▶ [Exercise goal] Return the lines that run from the beginning of the entries to the line holding "5月1日、ついに、イチゴ第一陣が実りました。小躍りしてしまう勢いです。", inclusive, and drop the pictures.

▶ [Exercise input]
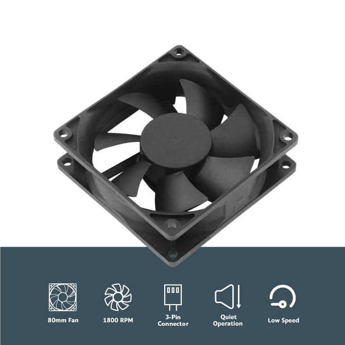 Ultra quiet fan, 80x80x25mm, 12V DC, 3-pin connector, Enter bearing, 1800RPM.
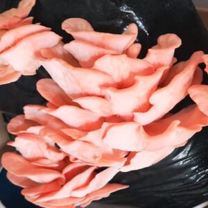 The Pink oyster mushroom is a distinctive pink colour, they have delicate bacon / ham flavour which intensifies when cooked
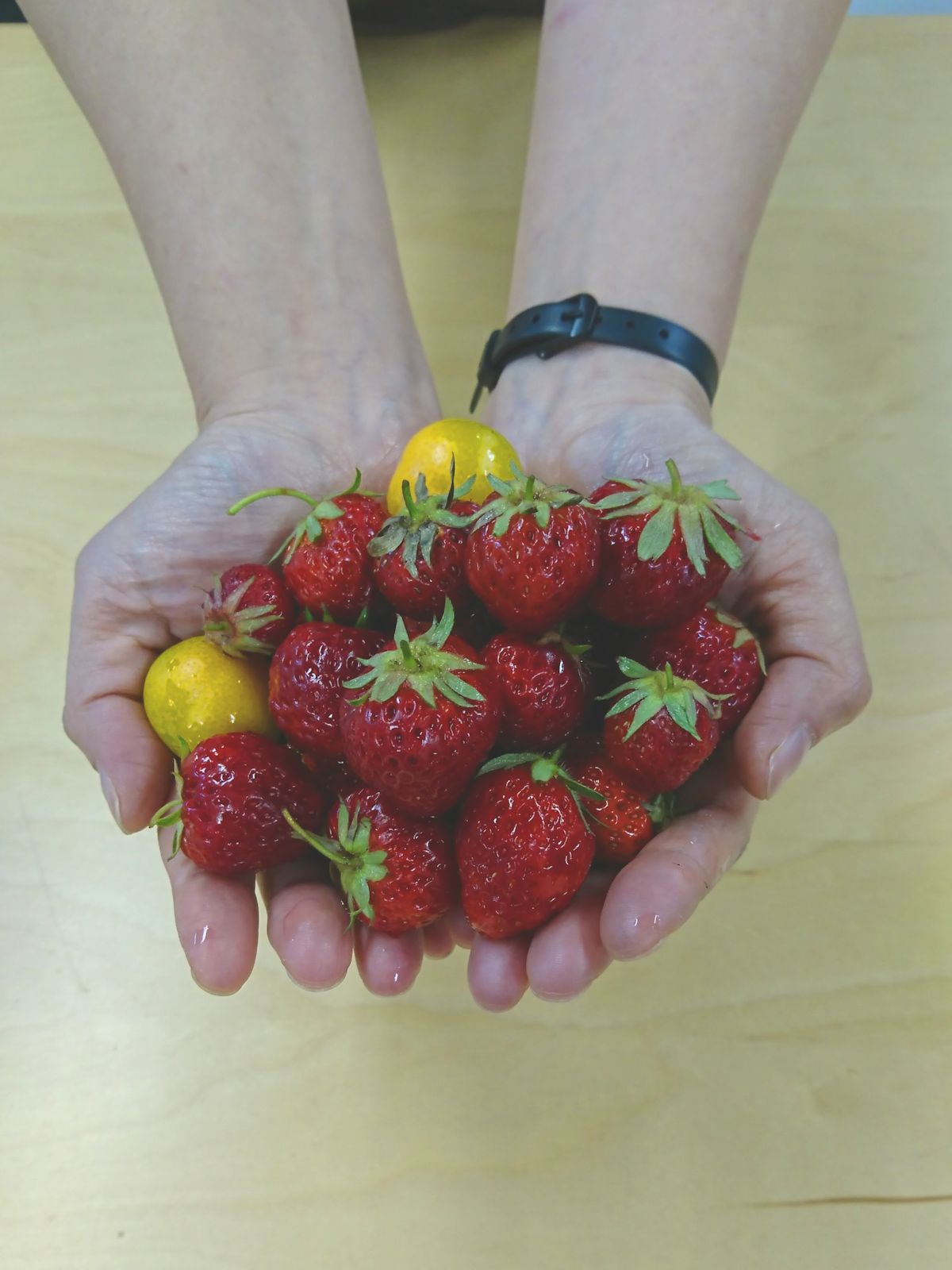5月1日、ついに、イチゴ第一陣が実りました。小躍りしてしまう勢いです。
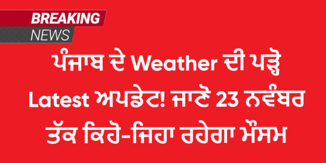 ਪੰਜਾਬ ਦੇ ਮੌਸਮ ਨੂੰ ਲੈ ਕੇ ਨਵੀਂ ਅਪਡੇਟ ਸਾਹਮਣੇ ਆਈ ਹੈ। ਮੌਸਮ ਵਿਭਾਗ ਵੱਲੋਂ ਪੰਜਾਬ ਦੇ ਮੌਸਮ ਸਬੰਧੀ ਅੱਜ ਤੋਂ ਲੈ ਕੇ 23 ਨਵੰਬਰ ਤੱਕ ਦੀ ਭਵਿੱਖਬਾਣੀ ਕੀਤੀ ਗਈ ਹੈ। ਤਾਜ਼ਾ ਜਾਣਕਾਰੀ ਮੁਤਾਬਕ ਇਸ ਹਫ਼ਤੇ ਕੋਈ ਮੀਂਹ ਨਹੀਂ ਪਵੇਗਾ। ਮੌਸਮ ਵਿਭਾਗ ਨੇ ਸਪੱਸ਼ਟ ਤੌਰ ‘ਤੇ ਸੰਕੇਤ ਦਿੱਤਾ ਹੈ ਕਿ ਸੂਬੇ ਵਿੱਚ ਕੋਈ ਮੀਂਹ ਪੈਣ ਦੀ ਸੰਭਾਵਨਾ ਨਹੀਂ ਹੈ।
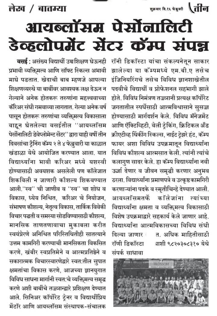 Annually, we organize a camp with an objective to open up the young, budding minds to new experiences. With a host of outdoor activities that lay a solid skill foundation, this 3- day camp goes a long way in making students confident and competent for their career.
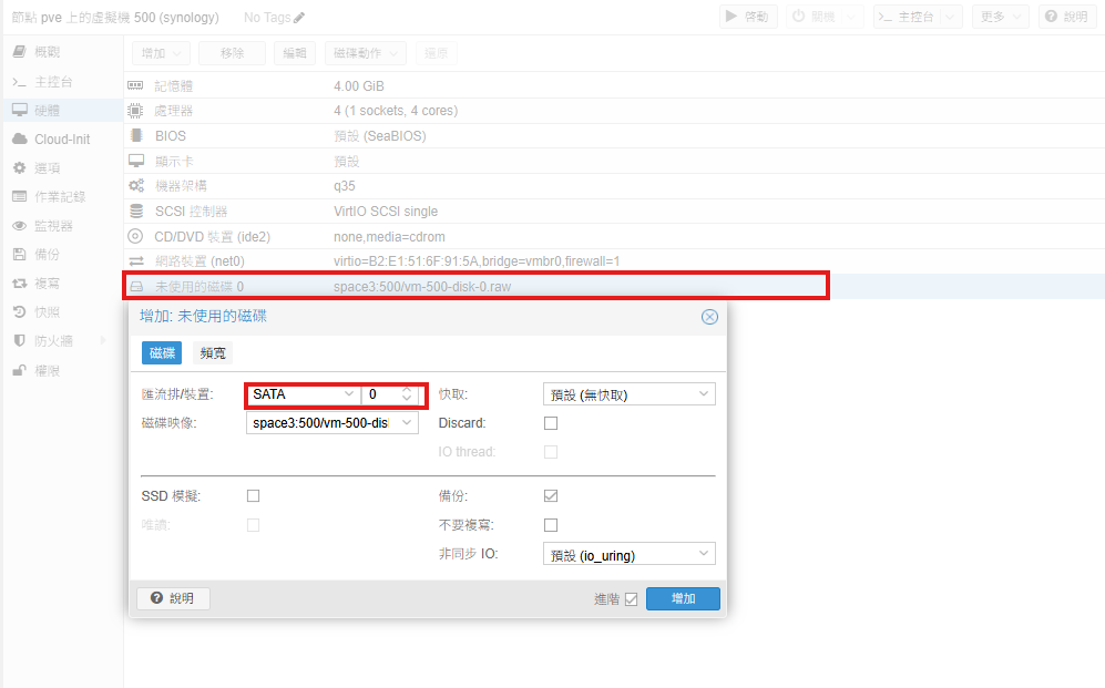 虛擬機有出現剛剛導入的映像檔,選擇SATA
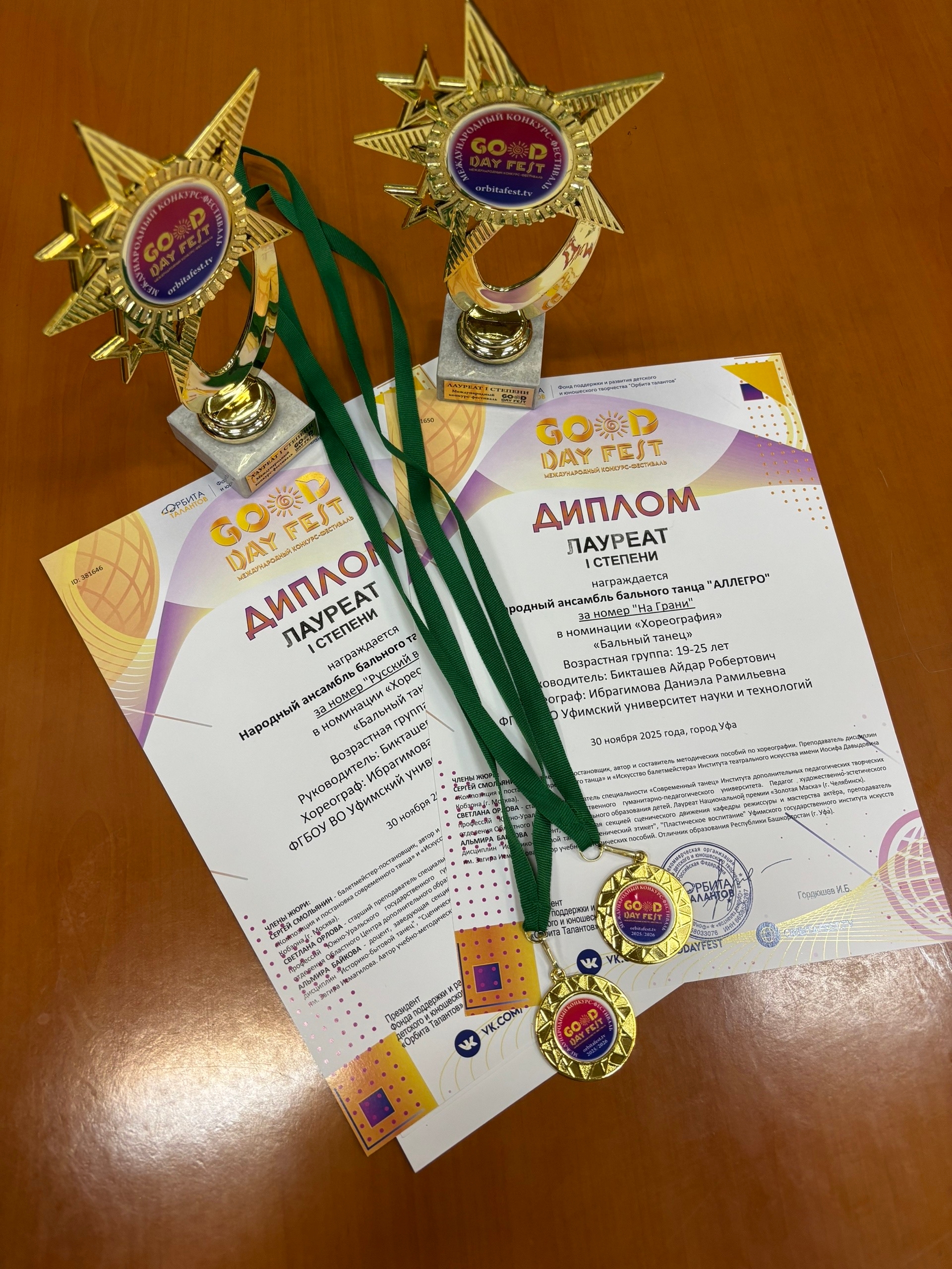 Сразу в двух номинациях Международного многожанрового конкурса-фестиваля детского, юношеского и взрослого творчества "Good day fest" стал лучшим Народный ансамбль танца "Аллегро" Уфимского университета науки и технологий. За два номера: "Русский вальс" и латиноамериканский микс "На грани" талантливый коллектив УУНиТ отмечен дипломами Лауреатов I степени.
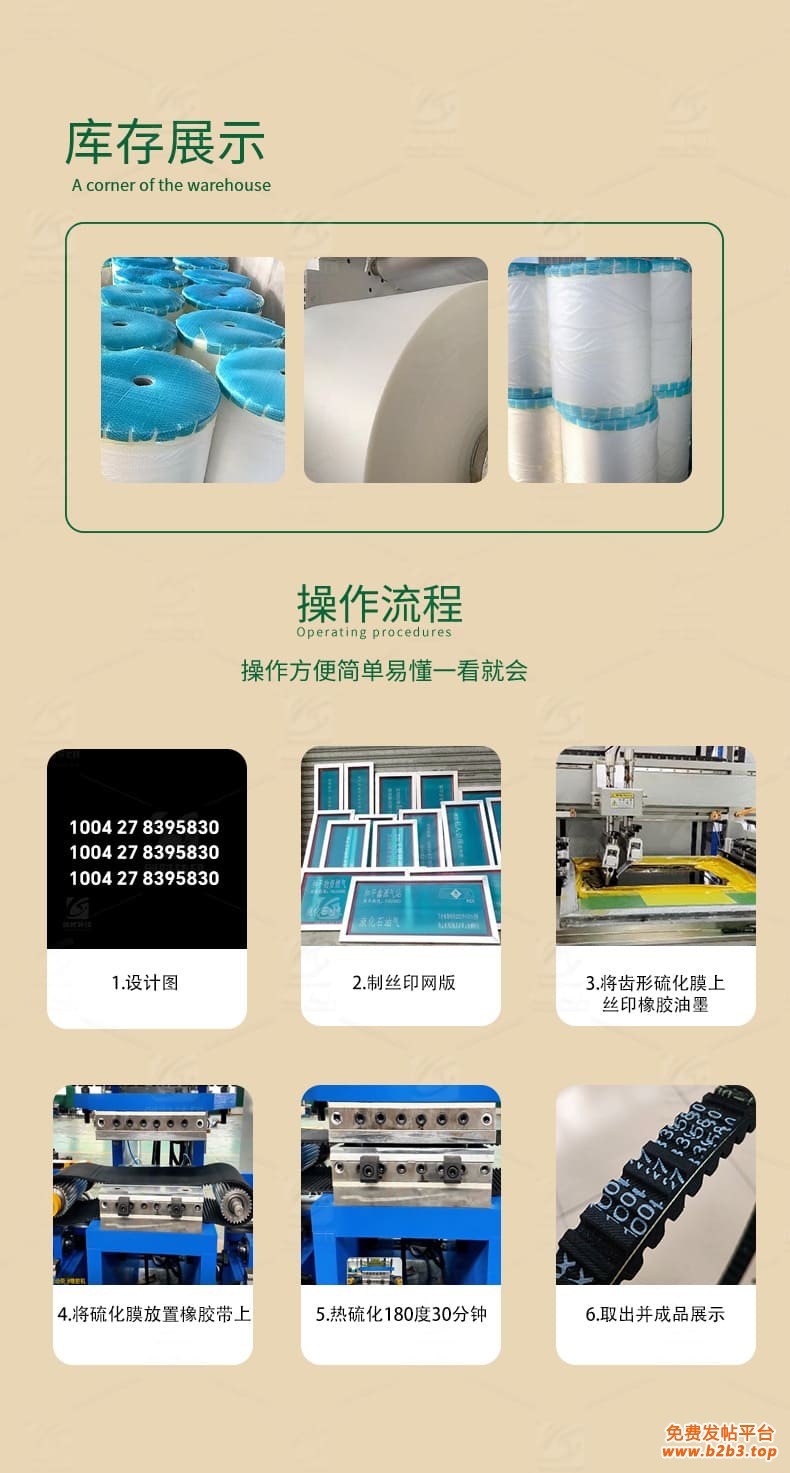 凹槽齿形印花软硫化膜 圆弧齿硫化韧性膜 多沟传动工业皮带硫化槽内转移膜

▶ [Output of the task]
 Ultra quiet fan, 80x80x25mm, 12V DC, 3-pin connector, Enter bearing, 1800RPM.
 The Pink oyster mushroom is a distinctive pink colour, they have delicate bacon / ham flavour which intensifies when cooked
5月1日、ついに、イチゴ第一陣が実りました。小躍りしてしまう勢いです。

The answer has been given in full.